Records excerpted from a collection:
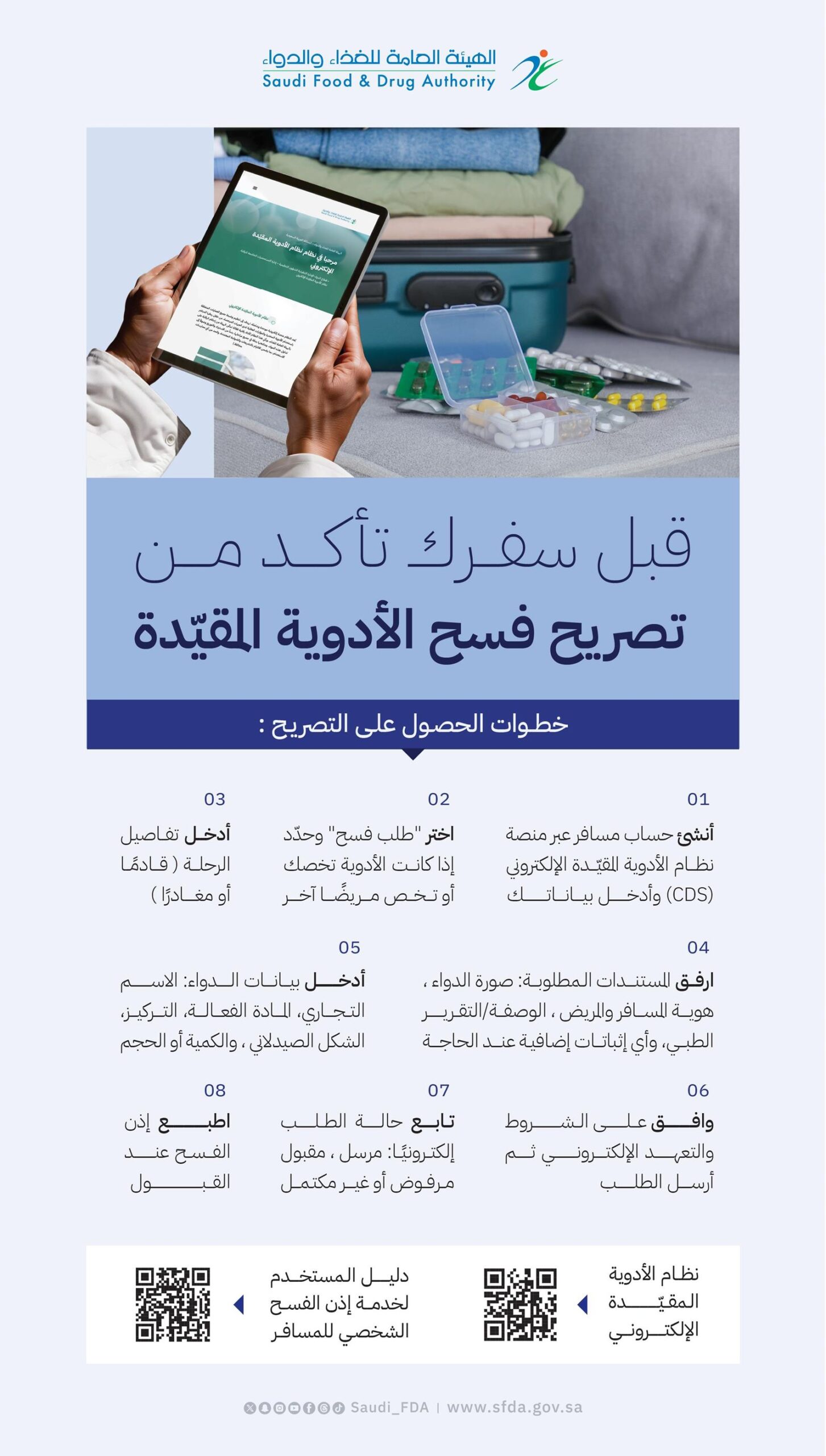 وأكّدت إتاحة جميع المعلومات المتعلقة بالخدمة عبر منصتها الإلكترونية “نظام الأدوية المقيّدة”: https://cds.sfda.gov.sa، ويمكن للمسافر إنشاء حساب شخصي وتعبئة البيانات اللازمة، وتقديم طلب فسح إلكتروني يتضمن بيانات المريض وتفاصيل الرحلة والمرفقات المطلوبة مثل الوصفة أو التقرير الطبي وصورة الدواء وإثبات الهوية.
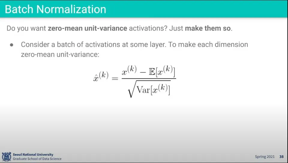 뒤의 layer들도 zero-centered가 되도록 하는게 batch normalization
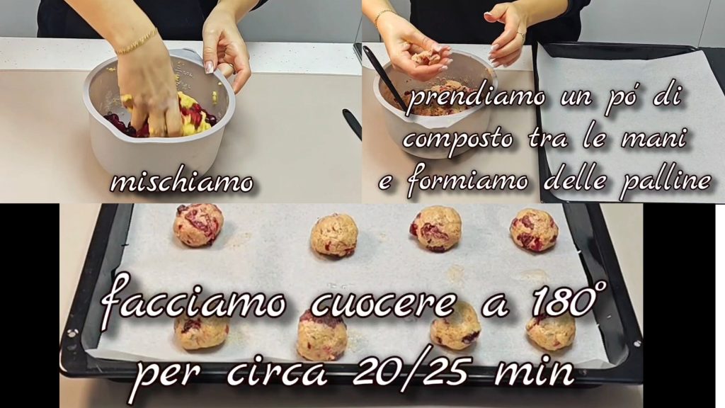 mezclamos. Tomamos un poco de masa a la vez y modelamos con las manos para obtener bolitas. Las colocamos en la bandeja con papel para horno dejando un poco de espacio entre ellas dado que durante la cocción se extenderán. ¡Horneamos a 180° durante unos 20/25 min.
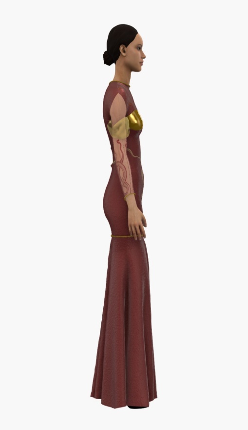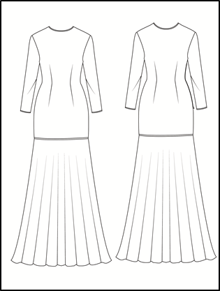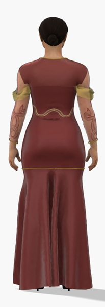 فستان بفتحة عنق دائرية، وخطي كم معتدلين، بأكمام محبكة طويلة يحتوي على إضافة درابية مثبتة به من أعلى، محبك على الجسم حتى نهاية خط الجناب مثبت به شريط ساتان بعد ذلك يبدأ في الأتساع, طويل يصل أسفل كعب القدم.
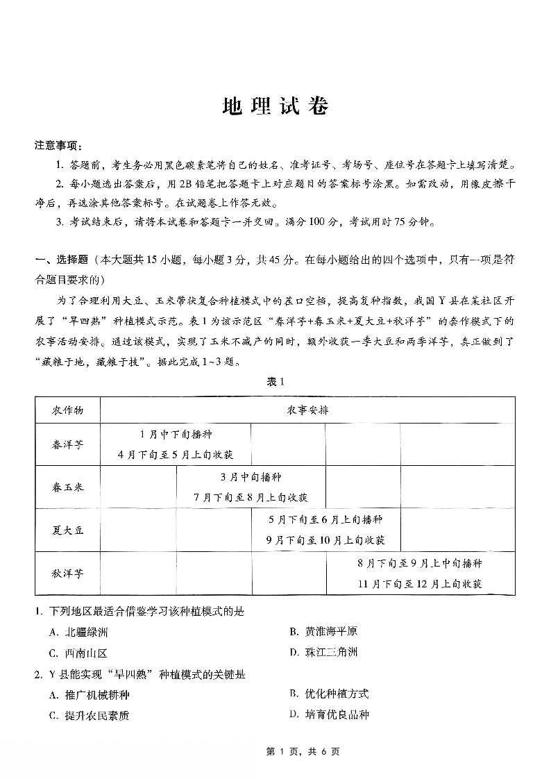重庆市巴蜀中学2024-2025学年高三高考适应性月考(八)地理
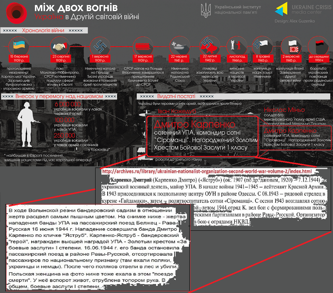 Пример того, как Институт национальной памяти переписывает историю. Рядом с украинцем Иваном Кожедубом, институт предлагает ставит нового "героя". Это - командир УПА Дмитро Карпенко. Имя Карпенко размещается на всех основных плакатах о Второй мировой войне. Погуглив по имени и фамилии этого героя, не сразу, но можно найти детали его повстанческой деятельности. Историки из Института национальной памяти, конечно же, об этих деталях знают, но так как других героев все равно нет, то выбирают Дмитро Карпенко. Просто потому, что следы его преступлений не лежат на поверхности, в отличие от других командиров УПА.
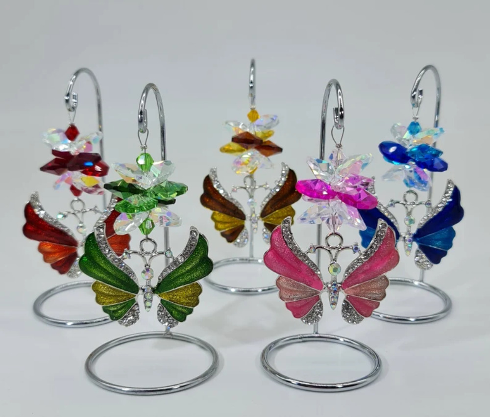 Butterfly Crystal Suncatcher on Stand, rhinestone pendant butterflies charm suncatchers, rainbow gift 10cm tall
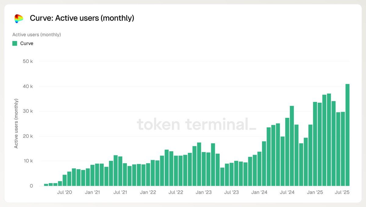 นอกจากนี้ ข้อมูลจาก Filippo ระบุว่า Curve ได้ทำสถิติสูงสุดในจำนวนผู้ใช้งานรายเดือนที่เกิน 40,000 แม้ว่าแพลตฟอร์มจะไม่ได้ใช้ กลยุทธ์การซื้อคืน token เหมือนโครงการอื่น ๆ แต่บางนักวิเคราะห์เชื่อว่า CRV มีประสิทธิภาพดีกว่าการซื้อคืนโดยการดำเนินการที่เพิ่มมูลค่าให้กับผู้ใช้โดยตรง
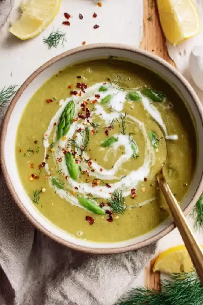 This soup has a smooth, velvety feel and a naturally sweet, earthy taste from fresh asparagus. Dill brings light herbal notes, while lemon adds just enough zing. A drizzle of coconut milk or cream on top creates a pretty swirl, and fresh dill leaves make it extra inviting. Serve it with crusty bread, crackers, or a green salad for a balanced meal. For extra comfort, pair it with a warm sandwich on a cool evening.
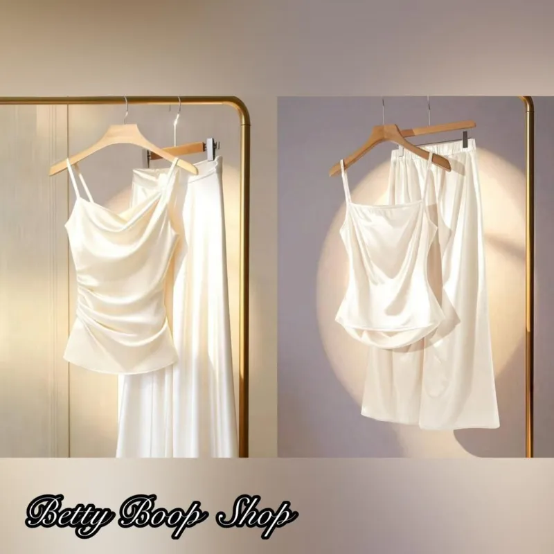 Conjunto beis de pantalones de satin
---
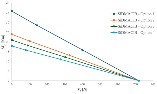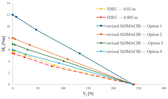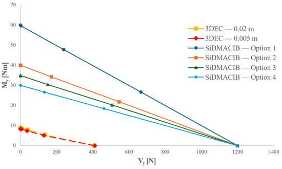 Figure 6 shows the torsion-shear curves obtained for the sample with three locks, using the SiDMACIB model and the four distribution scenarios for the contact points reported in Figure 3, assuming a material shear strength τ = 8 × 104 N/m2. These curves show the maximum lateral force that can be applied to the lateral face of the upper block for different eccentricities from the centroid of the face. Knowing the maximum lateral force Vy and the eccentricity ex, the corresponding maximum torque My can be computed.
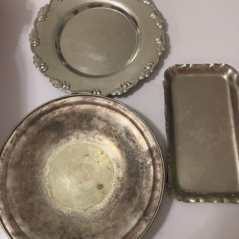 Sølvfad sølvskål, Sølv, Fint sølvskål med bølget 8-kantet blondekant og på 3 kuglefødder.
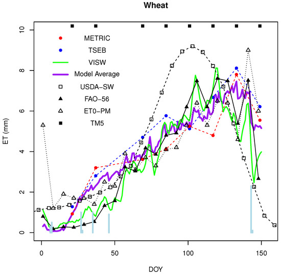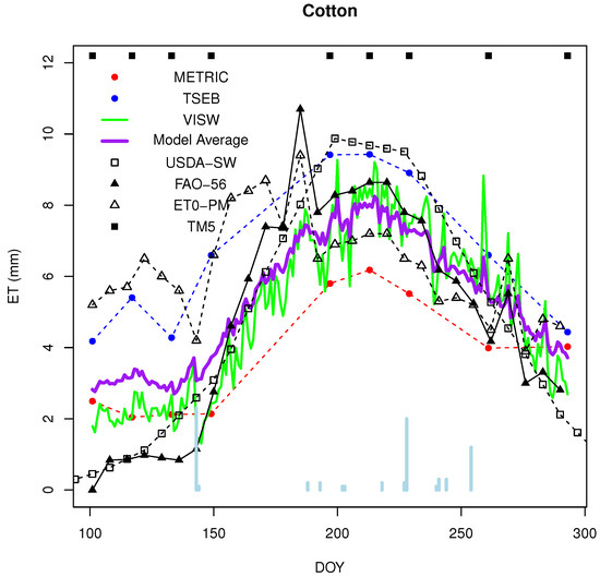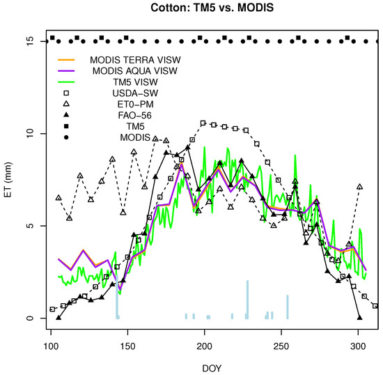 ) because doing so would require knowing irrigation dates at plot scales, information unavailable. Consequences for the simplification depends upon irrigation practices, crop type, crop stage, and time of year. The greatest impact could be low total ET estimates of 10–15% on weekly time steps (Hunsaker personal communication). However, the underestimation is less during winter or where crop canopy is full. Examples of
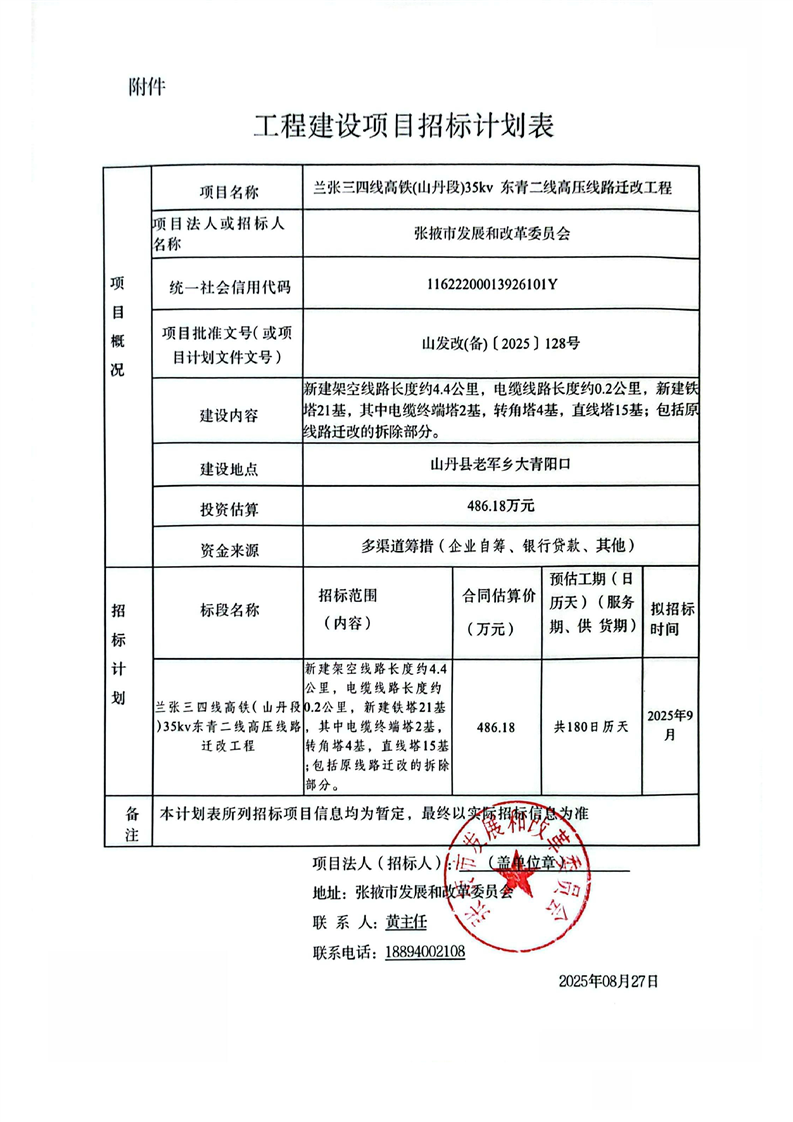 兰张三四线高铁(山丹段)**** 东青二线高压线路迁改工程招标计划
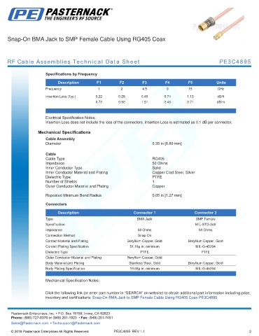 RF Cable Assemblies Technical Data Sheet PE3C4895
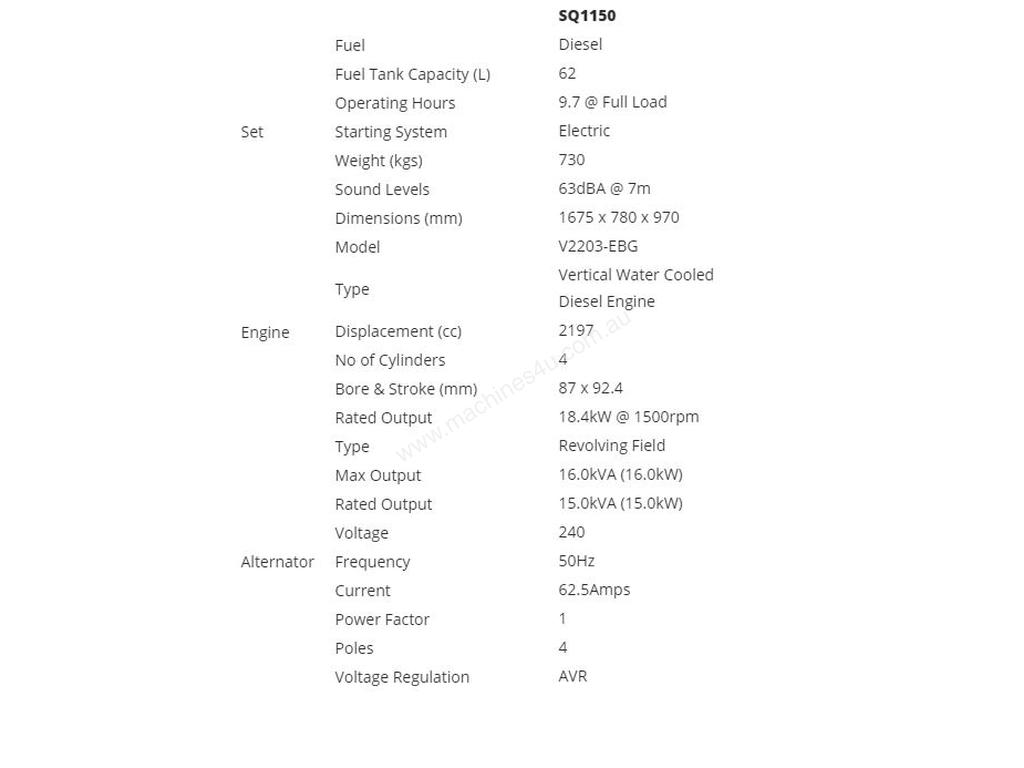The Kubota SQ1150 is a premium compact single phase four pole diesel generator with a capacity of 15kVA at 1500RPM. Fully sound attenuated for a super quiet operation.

Task details »
From the line holding "mezclamos. Tomamos un" to the line holding "فستان بفتحة عنق", both included, retype the entries above exactly and drop the pictures.

Written response »
 mezclamos. Tomamos un poco de masa a la vez y modelamos con las manos para obtener bolitas. Las colocamos en la bandeja con papel para horno dejando un poco de espacio entre ellas dado que durante la cocción se extenderán. ¡Horneamos a 180° durante unos 20/25 min.
 فستان بفتحة عنق دائرية، وخطي كم معتدلين، بأكمام محبكة طويلة يحتوي على إضافة درابية مثبتة به من أعلى، محبك على الجسم حتى نهاية خط الجناب مثبت به شريط ساتان بعد ذلك يبدأ في الأتساع, طويل يصل أسفل كعب القدم.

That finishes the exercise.